CourtUnited States Bankruptcy Courts. Tenth Circuit. U.S. Bankruptcy Court — District of Colorado

Guy Humphries, Denver, CO, for Lymon Harwood Frasier.

Terrance A. Hugar, Denver, CO, for Denver Moving and Storage Company.

Jon B. Clarke, Greenwood Village, CO, for Cherry Creek Place, LLC.

MEMORANDUM OPINION AND ORDER DENYING (1) DEBTOR'S MOTION TO REOPEN BANKRUPTCY CASE AND (2) DEBTOR'S MOTION TO VOID JUDICIAL LIENS

SIDNEY B. BROOKS, Chief Judge.

THIS MATTER comes before the Court on April 22, 2003 on:

(1) Lyman Harwood Frasier's ("Debtor") Motion to Reopen Case filed February 4, 2003 (Docket No. 6) and Objections thereto filed by First Cherry Creek Place ("FCCP") on March 3, 2003 (Docket No. 14) and Denver Moving and Storage Company ("DMSC") (together FCCP and DMSC shall also be referred to herein as "Creditors") on March 10, 2003 (Docket No. 16) and

(2) Debtor's Motion to Void Judicial Liens filed February 4, 2003 (Docket No. 7) and the Objection thereto by FCCP on March 3, 2003 (Docket No. 14).

The Court, having reviewed the file, the Stipulated Facts for Hearing on the Motion to Reopen and on Motion to Void Lien filed on April 22, 2003, and having considered the arguments and offers of proof of counsel and being advised in the premises, makes the following findings of fact, conclusions of law and order.
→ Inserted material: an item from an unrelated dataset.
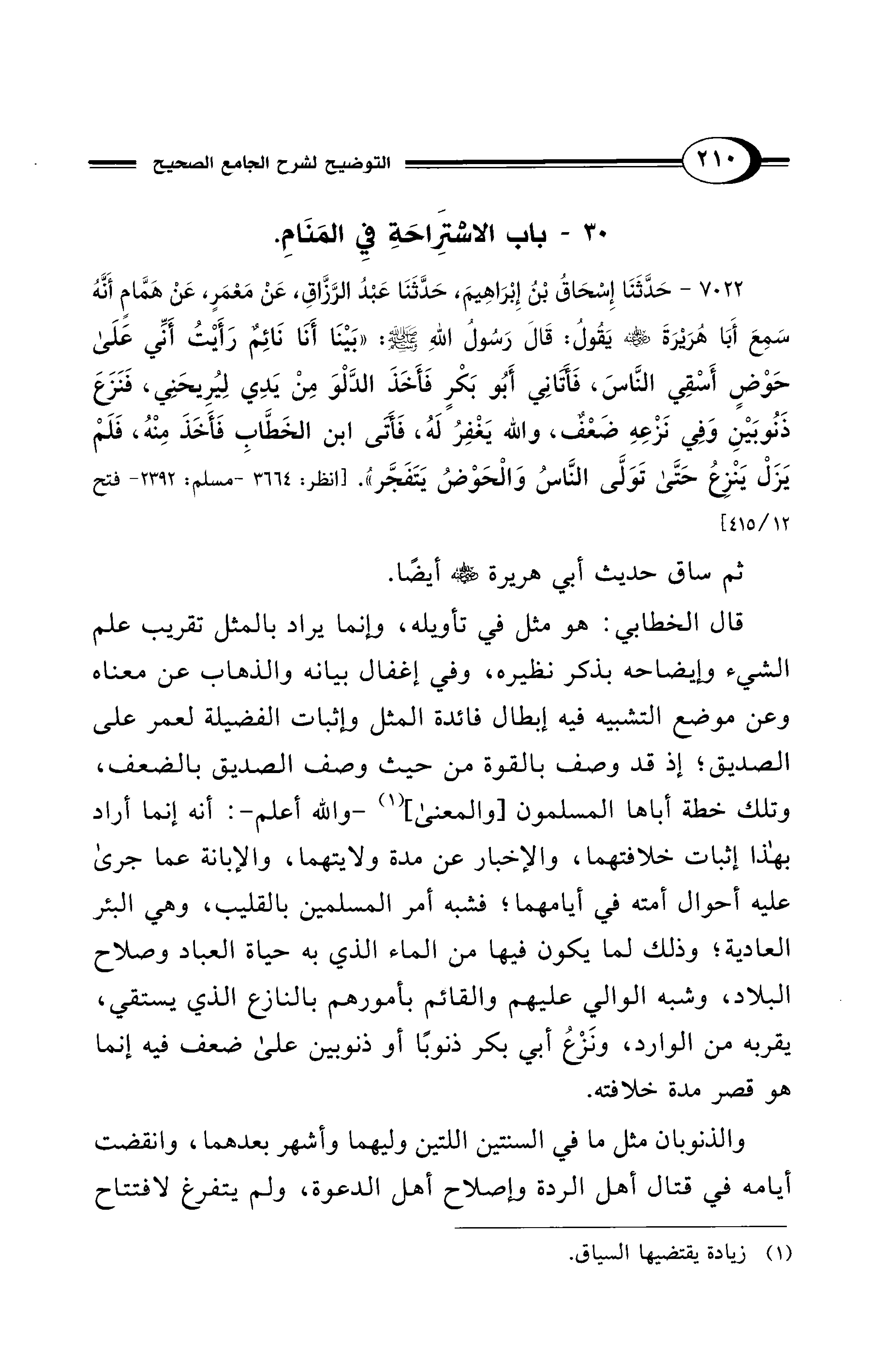 7022 - حَدَّثَنَا إِسْحَاقُ بْنُ إِبْرَاهِيمَ، حَدَّثَنَا عَبْدُ الرَّزَّاقِ، عَنْ مَعْمَرٍ، عَنْ هَمَّامٍ أَنَّهُ سَمِعَ أَبَا هُرَيْرَةَ - رضي الله عنه - يَقُولُ: قَالَ رَسُولُ اللهِ - صلى الله عليه وسلم -: «بَيْنَا أَنَا نَائِمٌ رَأَيْتُ أَنِّي عَلَى حَوْضٍ أَسْقِي النَّاسَ، فَأَتَانِي أَبُو بَكْرٍ فَأَخَذَ الدَّلْوَ مِنْ يَدِي لِيُرِيحَنِي، فَنَزَعَ ذَنُوبَيْنِ وَفِي نَزْعِهِ ضَعْفٌ، وَاللهُ يَغْفِرُ لَهُ، فَأَتَى ابْنُ الخَطَّابِ فَأَخَذَ مِنْهُ، فَلَمْ يَزَلْ يَنْزِعُ حَتَّى تَوَلَّى النَّاسُ وَالْحَوْضُ يَتَفَجَّرُ». [انظر 3664 - مسلم: 2392 - فتح 12/ 415]

For the reasons stated below, this Court shall DENY the Debtor's Motion to Reopen Bankruptcy Case. Moreover, as a consequence of this Court's denial of the Debtor's Motion to Reopen Bankruptcy Case, the Court shall also DENY Debtor's Motion to Void Judicial Lien as it is MOOT in light of the Court's ruling on the Debtor's Motion to Reopen.

I. SUMMARY

In brief, the Debtor seeks to reopen his case for the purpose of avoiding judicial liens on his home. The Court, mindful that intent and good faith are not factors to consider in reopening a case under the Tenth Circuit precedent, In re Parker, 313 F.3d 1267 (10th Cir.2002), petition for cert. filed, 71 U.S.L.W. 3699 (U.S. Apr. 25, 2003) (No. 02-1568), still declines to reopen this case on the grounds that excessive delay and laches serve to bar Debtor's Motion to Reopen Bankruptcy Case.

II. BACKGROUND

The Debtor filed for relief under Chapter 7 of the United States Bankruptcy Code on August 28, 2001. At the time of his bankruptcy filing, Debtor owned his residence located at 2465B S. Xanadu Way, Aurora, Arapahoe County, Colorado ("Property"). On the date of the bankruptcy filing, the Property had a fair market value of $115,000.00. This value was listed in his Schedule A.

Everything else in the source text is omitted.